The anniversary came during a week filled with actions swiftly pronounced by some as folly, leaving one wondering which, if any, of the actors will be regarded more highly 150 years from now.

It won’t be the Republican Senators who voted to make it more difficult for cities to create retirement plans for workers whose employers don’t offer them, and who are ready to block states, too — unless it exposes the GOP hypocrisy of extolling individual and states’ rights but trampling on them when convenient, like current talk about rescinding California’s right to set tougher emissions limits than the federal government.

It won’t be Sen. Chuck Schumer and fellow Democrats who talked about filibustering Judge Neil Gorsuch’s Supreme Court nomination, or GOP Sen. Mitch McConnell if he takes that bait and blows up the 60-vote rule for Supreme Court confirmations in favor of a simple 51-vote majority, like Democrats did in 2013 for other presidential appointments — unless that leads to an attack of conscience and the Senate gets together to restore the 60-vote rule for all appointments.

It won’t be Venezuela’s Supreme Court, which issued a ruling dissolving the national legislature and giving itself authority to write laws, strengthening the hand of its ally leftist strongman President Nicolás Maduro — unless it leads to a Venezuelan Spring that leads to a working democracy.

It won’t be Secretary of the Interior Ryan Zinke who backed the White House’s effort to roll back former President Barack Obama’s climate change policies by saying there is no such thing as clean energy, or the climate change-skeptic scientists who encouraged a House committee to fund “red teams” to challenge established research including authoritative work done by the UN’s climate science panel, or the congressmen who are listening — unless the Earth is uninhabitable by 2167 and humanity has relocated 235 trillion miles away to one of the three Goldilocks planets orbiting the Trappist-1 star and everything is so great there that what does it matter anymore.

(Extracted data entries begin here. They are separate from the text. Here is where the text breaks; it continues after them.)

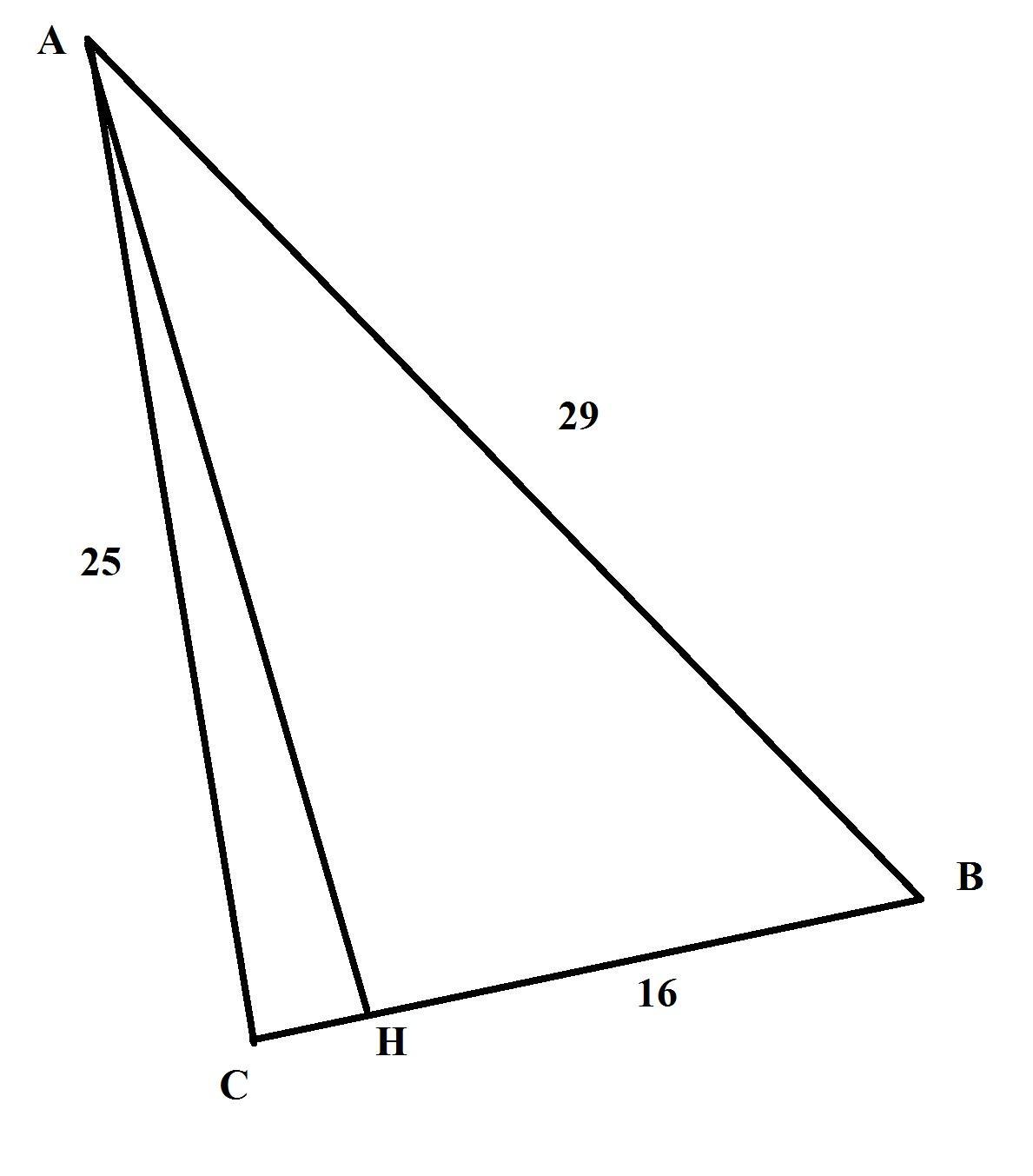 В треугольнике со сторонами 29, 25, 16 см. проведена высота к меньшей стороне. Найдите эту высоту.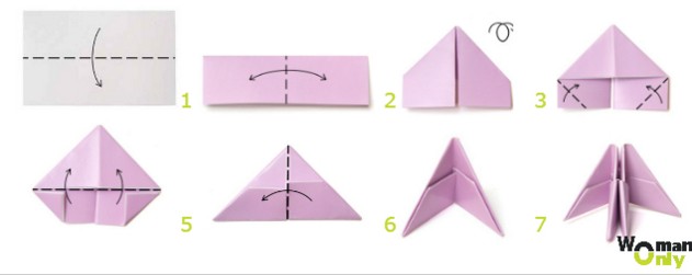 Итак, самый простой способ заключается в сворачивании листа в пять раз. Для этого вам нужно первые четыре раза лист сложить пополам, а пятый раз по диагонали. Этот метод очень простой, но минус его в том, что изделия получаются угловатые. Поэтому лучше поподробней рассмотрите другие способы сворачивания по ниже приведенным схемам.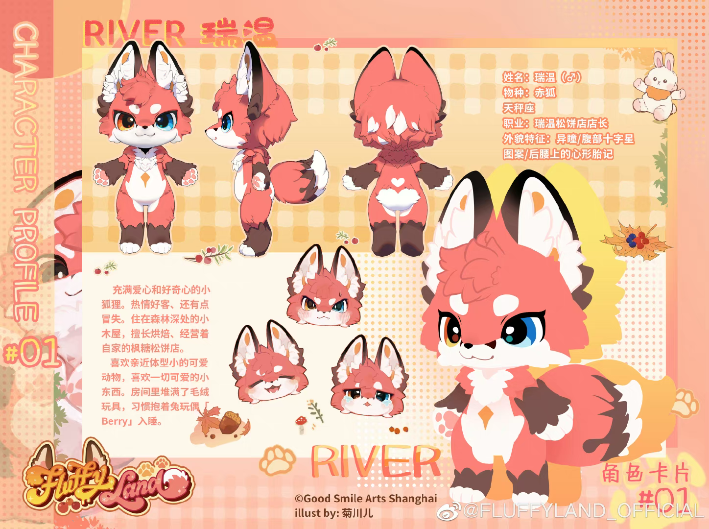 替换用表情有开心的「笑脸」、营业中的「wink脸」和委屈的「哭哭脸」三种。配件则附有南瓜玩偶「Julliet」、可以抱在怀里的替换毛绒大尾巴以及一对替换下垂耳朵,请带这只可爱宝贝回家和River一起愉快玩耍吧!

It won’t be Secretary of Education Betsy DeVos, who said of the U.S. education system, “I’m not sure how they could get a lot worse,” or GOP Rep. Steve King, who said Congress should risk a government shutdown to fund Trump’s wall — unless both turn out to be such minor historical footnotes that no one remembers them.

It won’t be Vice President Mike Pence, whose vote broke a 50-50 Senate tie on a bill to let states block federal funding of Planned Parenthood and take away health care from potentially millions of women — unless it leads to another massive women’s march and enough activism to start turning state and federal legislative seats.

And it won’t be President Donald Trump, who attacked the right-wing Freedom Caucus after its opposition to GOP health care reform scuttled the bill — unless Trump ends up being able to isolate the bloc and set the stage for moderate Republicans and moderate Democrats to move forward on . . . something.

Then again, the Russians in 1867 thought the sale of Alaska would help improve relations with the Americans.

There’s all kinds of folly.

Michael Dobie is a member of Newsday’s editorial board.